**WHAT YOU NEED TO DO**
Would you retype the entries from the first line to the line bearing "AI绘画是一套建构在计算机算", both included, leaving out every picture?

Source data
[Start of Attachment]

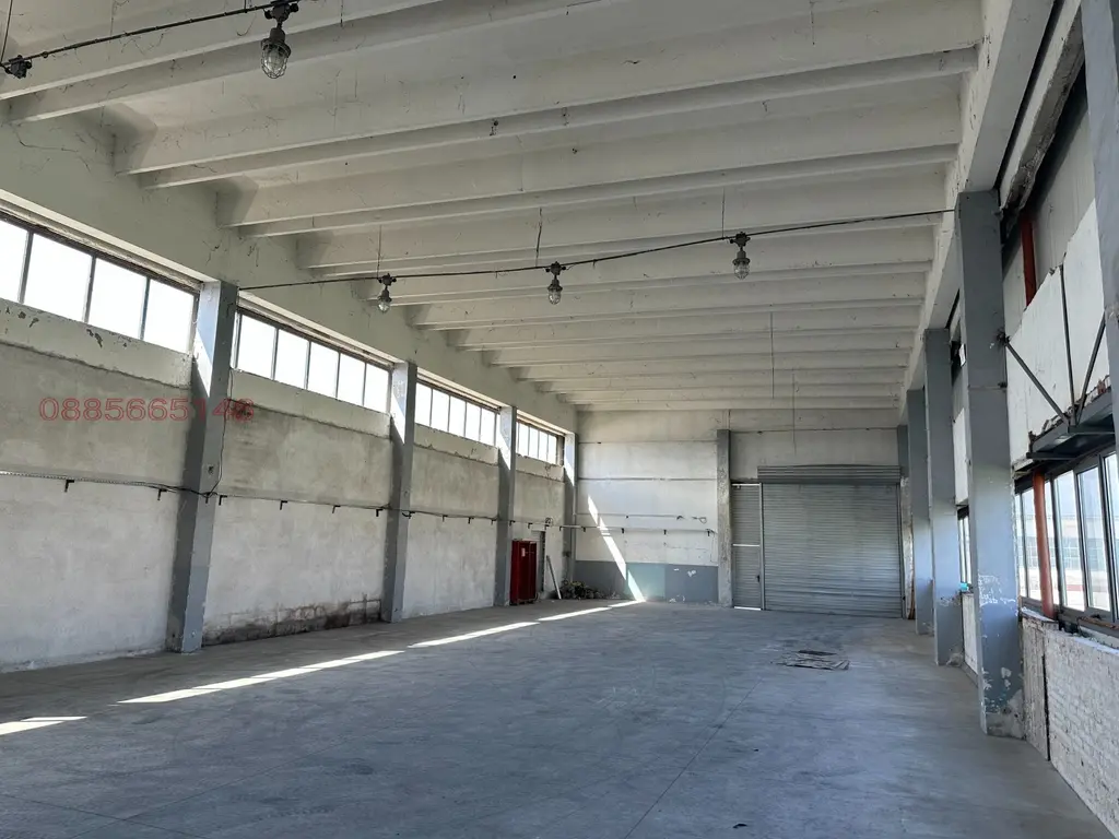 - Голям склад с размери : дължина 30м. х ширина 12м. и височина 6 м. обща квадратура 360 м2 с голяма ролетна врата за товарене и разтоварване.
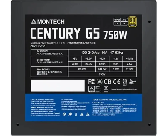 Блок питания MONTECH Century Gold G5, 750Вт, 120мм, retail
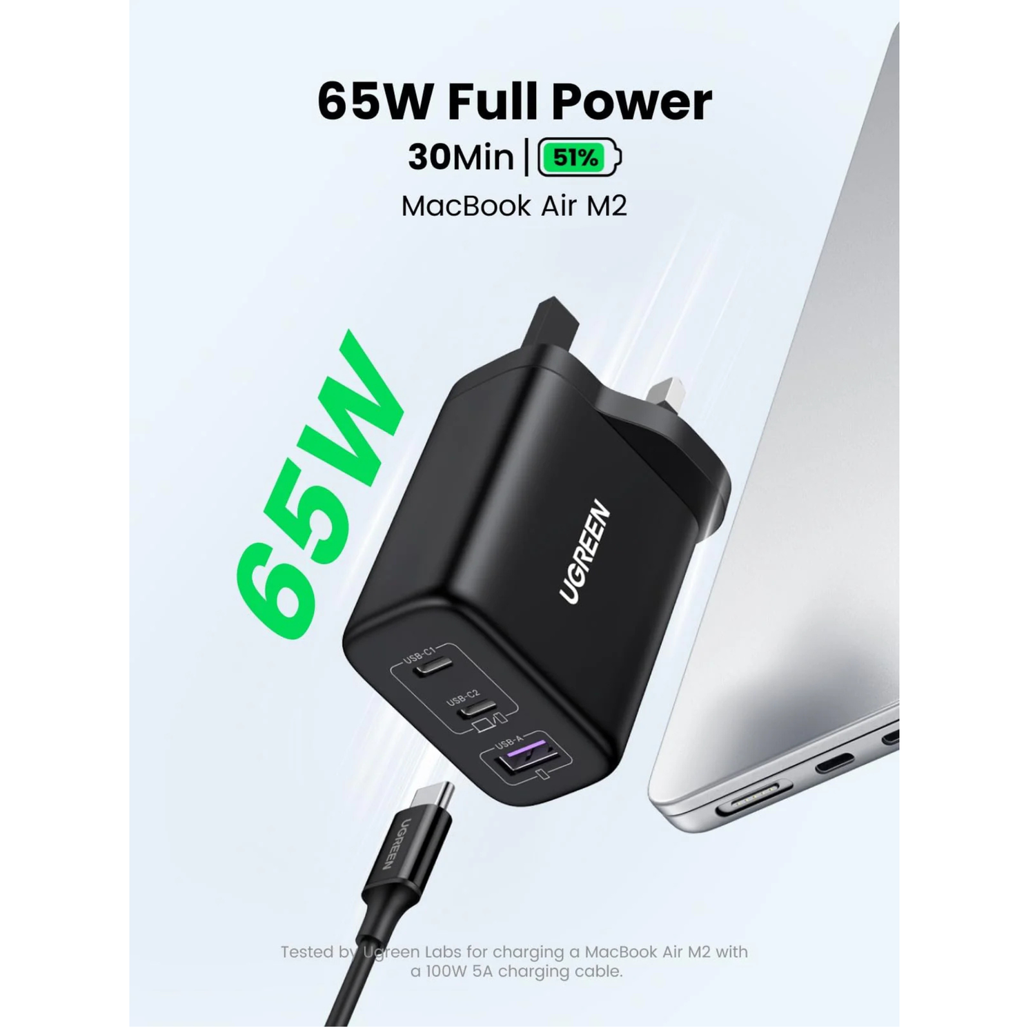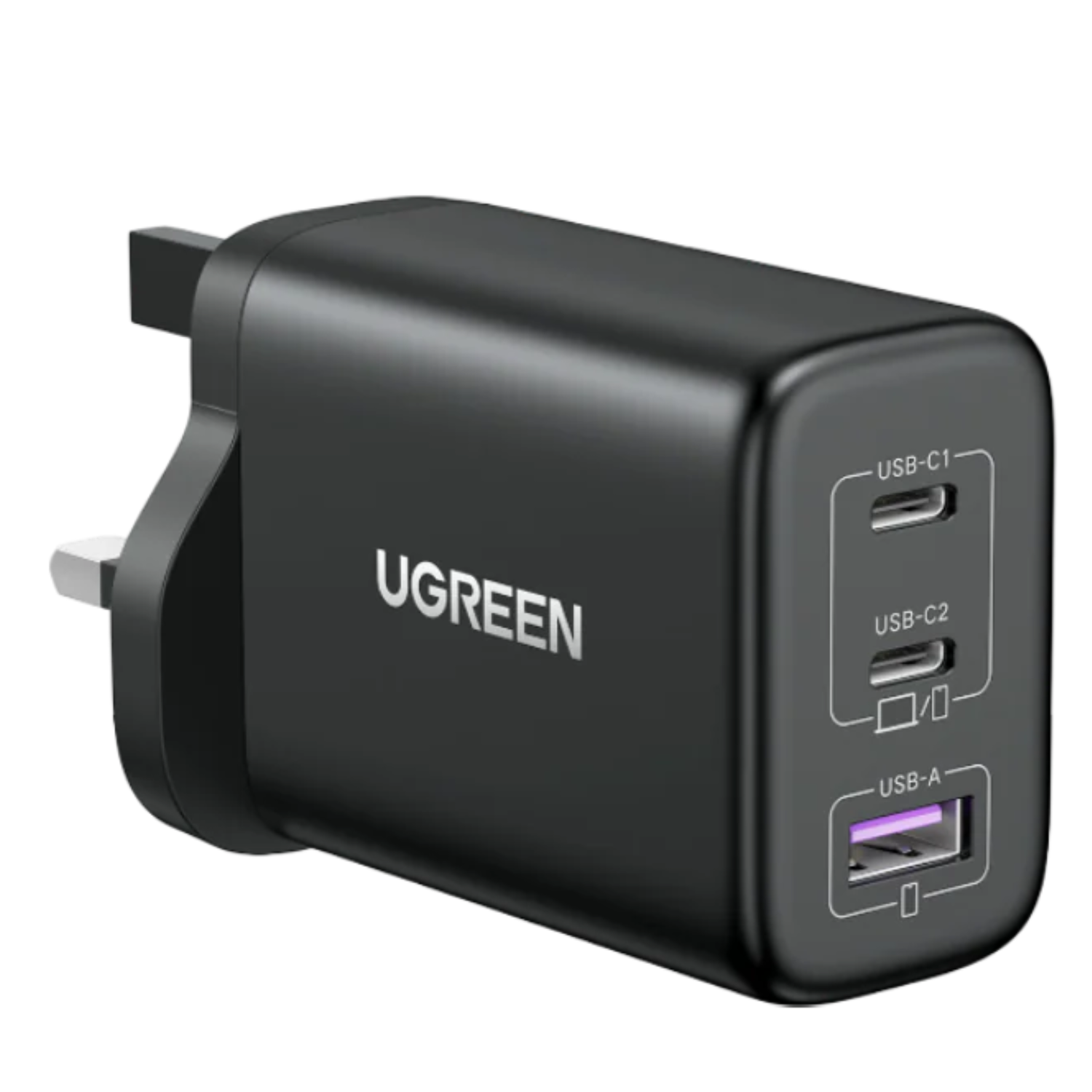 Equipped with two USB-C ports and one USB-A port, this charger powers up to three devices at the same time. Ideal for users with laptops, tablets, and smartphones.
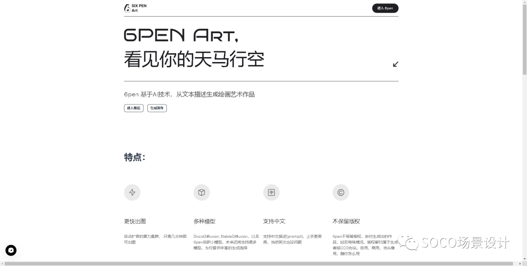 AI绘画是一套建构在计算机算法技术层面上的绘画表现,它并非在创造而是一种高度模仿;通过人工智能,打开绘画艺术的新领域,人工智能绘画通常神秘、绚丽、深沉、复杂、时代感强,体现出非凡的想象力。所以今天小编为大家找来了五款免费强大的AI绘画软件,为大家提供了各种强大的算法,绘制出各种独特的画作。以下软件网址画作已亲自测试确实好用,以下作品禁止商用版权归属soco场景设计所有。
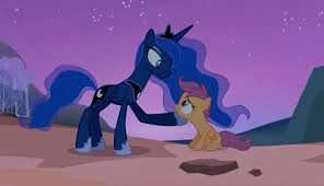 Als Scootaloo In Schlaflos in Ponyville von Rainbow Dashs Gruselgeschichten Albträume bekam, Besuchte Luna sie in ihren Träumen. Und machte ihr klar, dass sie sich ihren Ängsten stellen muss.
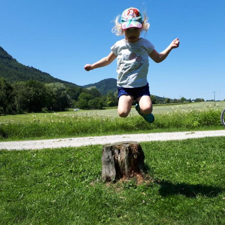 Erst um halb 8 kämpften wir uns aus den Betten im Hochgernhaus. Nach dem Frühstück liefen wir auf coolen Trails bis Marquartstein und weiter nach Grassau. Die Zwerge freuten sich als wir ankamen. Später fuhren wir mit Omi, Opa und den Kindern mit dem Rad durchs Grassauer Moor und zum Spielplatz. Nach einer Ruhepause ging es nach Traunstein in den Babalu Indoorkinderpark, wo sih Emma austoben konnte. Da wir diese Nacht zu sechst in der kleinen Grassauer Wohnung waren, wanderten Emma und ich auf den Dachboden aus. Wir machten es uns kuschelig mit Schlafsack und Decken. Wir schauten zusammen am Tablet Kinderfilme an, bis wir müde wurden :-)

[End of Attachment]

**RESPONSE TO THIS EXERCISE**
 - Голям склад с размери : дължина 30м. х ширина 12м. и височина 6 м. обща квадратура 360 м2 с голяма ролетна врата за товарене и разтоварване.
 Блок питания MONTECH Century Gold G5, 750Вт, 120мм, retail
 Equipped with two USB-C ports and one USB-A port, this charger powers up to three devices at the same time. Ideal for users with laptops, tablets, and smartphones.
 AI绘画是一套建构在计算机算法技术层面上的绘画表现,它并非在创造而是一种高度模仿;通过人工智能,打开绘画艺术的新领域,人工智能绘画通常神秘、绚丽、深沉、复杂、时代感强,体现出非凡的想象力。所以今天小编为大家找来了五款免费强大的AI绘画软件,为大家提供了各种强大的算法,绘制出各种独特的画作。以下软件网址画作已亲自测试确实好用,以下作品禁止商用版权归属soco场景设计所有。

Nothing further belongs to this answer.